New Order release their tenth studio album, a record cleverly combining guitars and synthesisers and which will set the world in motion to the sound of a bunch of powerful dance tracks.
Manchester band born from the ashes of iconic band Joy Division released their new album today. Under the name “Music Complete”, the record gives us New Order not at their best but at their most competent. Featuring ten songs, it is a true voyage through the sound legacy of the band, considering that nearly all the elements that made them a big name in modern music are there. We can trace nearly all the songs back to the different phases in the band’s career. Upon listing to “Restless” we see us immediately before the sound of the band. Nearly everything is there, from Bernard Albrecht’s voice and guitar to the synth sound of Gillian Gilbert who is now on board again. Should Peter Hook have joined in too this would be a nearly perfect album. Estranged for some years from the band he embarked in recent years in a new project under the mane Peter Hook and the Light travelling the world playing Joy Division albums. But funny enough, “Restless” could have been a Monaco song, the band formed by Peter Hook when he left New Order. Or one can say that Monaco sounds a lot like New Order. New Order has always had a distinctive sound and all their members have had a fair share in shaping it.

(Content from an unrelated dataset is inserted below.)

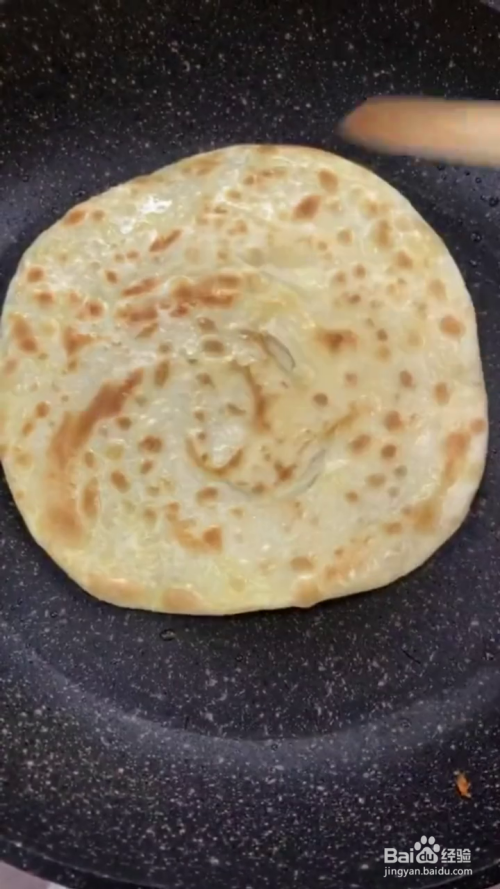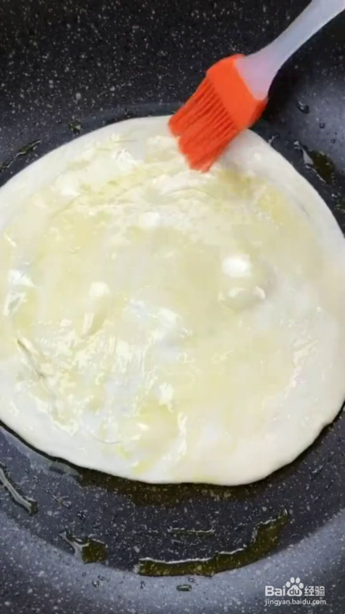 锅中刷油,放入油饼,表面刷上油,煎至两面金黄,即可享用啦

Hence it is only normal that all the side projects from Bernie’s Electronic to Hook’s Monaco and Gillian Gilberts and Stephen Morris project The Other Two bring us to New Order and ultimately to the Joy Division legacy.
Music Complete is the first album for Mute, the label of major names such as Depeche Mode, Plastikman, Moby, Goldfrapp, Erasure or Cabaret Voltaire. “This is an exciting new chapter for both Mute and New Order and I feel privileged to be working with artists with such a long, creative and successful history. When the possibility of us working together first came up, I was invited to hear some of the new material and immediately had no doubts whatsoever that Mute would be the right home for New Order”, Daniel Mille said when the band signed to Mute. Considering the sound of most band on this label, it makes perfect sense for the band to sign to them. “New Order are delighted to be signing to Mute. We couldn’t imagine a better place to be than working with Daniel Miller and his team. Mute has a superb roster of artists and a history that complements our own. In many ways joining the label feels like we are coming home, returning to our independent roots”, the band said.
With art direction by Peter Saville, the man who created the best covers for both Joy Division and New Order, “Music Complete” is not a perfect album like “Movement” or “Power Corrpution and Lies” but features four subliminal tracks. The most remarkable is undoubtedy “Plastic”, a song that brings us to the disco influences by New Order. The beat does remind us of Donna Summer’s “I Feel Love”. That is nothing new, considering that, according to the band, the beats of “Blue Monday” were taken out of “Our Love” by the very same Donna Summer. The appeal of New York and its beats had been there all along since the start of their career. And if “Everything’s Gone Green” and “Temptation” had a somehow more Mancunian or European beat to it, tracks like “Blue Monday” and “Confusion” were influenced by the break dance sounds that were there in the eighties. Upon hearing “Tutti Frutti” we go back again to the band’s legacy, a song that reminds us of “Shellshock”. Another great track is “Nothing but a fool”, a love song close to the the spirit of the hearfelt album “Power Corruption and Lies”. “Superheated” is the fourth song we would like to highlight, another love song, this one bringing us closer to the band’s most recent albums. With “Music Complete” Bernard Albrecht, Gillian Gilbert and Stephen Morris, three of the founding members, have managed to rewrite part of the band’s history, an album that will set the world in motion this Winter for our contentment.